Starting at the line that contains "男性向けラノベタイトル風あだ名 | 『冴えないキリングダンゴの育てかた』 |", write out each line through the end of the data below, exactly as it stands. Skip any pictures.

▶ **Data provided**:
Segment Open
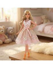 - - Lalka z długimi włosami w różowej sukni
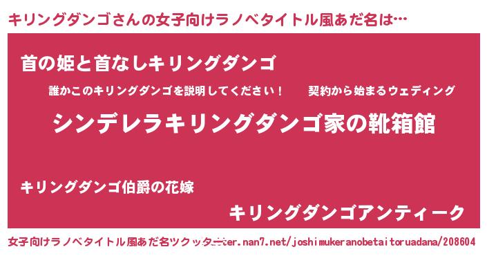 | 男性向けラノベタイトル風あだ名 | 『冴えないキリングダンゴの育てかた』 |
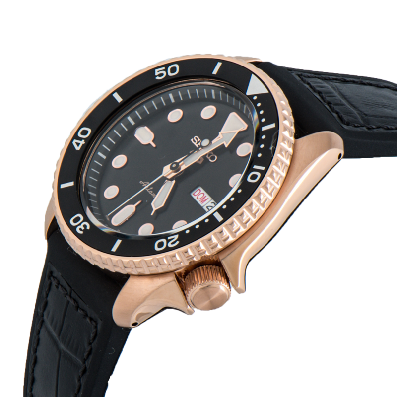 Chiếc đồng hồ Seiko 5 Sport SRPD76K1S được thiết kế với một phong cách hoàn toàn mới, trẻ trung và hiện đại. Mang hình hài của một chiếc đồng hồ lặn thể thao, chiếc SRPD76K1S sở hữu mức độ chịu nước ấn tượng lên tới 10ATM. Toàn bộ vỏ của chiếc đồng hồ được làm từ thép chống gỉ 316L cao cấp, được mạ vàng hồng bằng công nghệ mạ PVD hiện đại bậc nhất hiện nay. Núm vặn ren được đặt tại vị trí 4h tương đối phá cách giúp chống nước hiệu quả hơn. Phía bên trong mặt số là một nền màu đen tuyền, nó được trang điểm bằng những chi tiết phủ dạ quang cỡ lớn đồng thời cũng được mạ viền quanh màu vàng hồng làm tăng vẻ đẹp thẩm mỹ lên rất nhiều. Vành Bezel xoay đơn hướng màu đen bên ngoài trở nên rất nổi bật và bắt mắt với những vạch số màu trắng.
Segment Closed
▶ **Answer section**:
 | 男性向けラノベタイトル風あだ名 | 『冴えないキリングダンゴの育てかた』 |
 Chiếc đồng hồ Seiko 5 Sport SRPD76K1S được thiết kế với một phong cách hoàn toàn mới, trẻ trung và hiện đại. Mang hình hài của một chiếc đồng hồ lặn thể thao, chiếc SRPD76K1S sở hữu mức độ chịu nước ấn tượng lên tới 10ATM. Toàn bộ vỏ của chiếc đồng hồ được làm từ thép chống gỉ 316L cao cấp, được mạ vàng hồng bằng công nghệ mạ PVD hiện đại bậc nhất hiện nay. Núm vặn ren được đặt tại vị trí 4h tương đối phá cách giúp chống nước hiệu quả hơn. Phía bên trong mặt số là một nền màu đen tuyền, nó được trang điểm bằng những chi tiết phủ dạ quang cỡ lớn đồng thời cũng được mạ viền quanh màu vàng hồng làm tăng vẻ đẹp thẩm mỹ lên rất nhiều. Vành Bezel xoay đơn hướng màu đen bên ngoài trở nên rất nổi bật và bắt mắt với những vạch số màu trắng.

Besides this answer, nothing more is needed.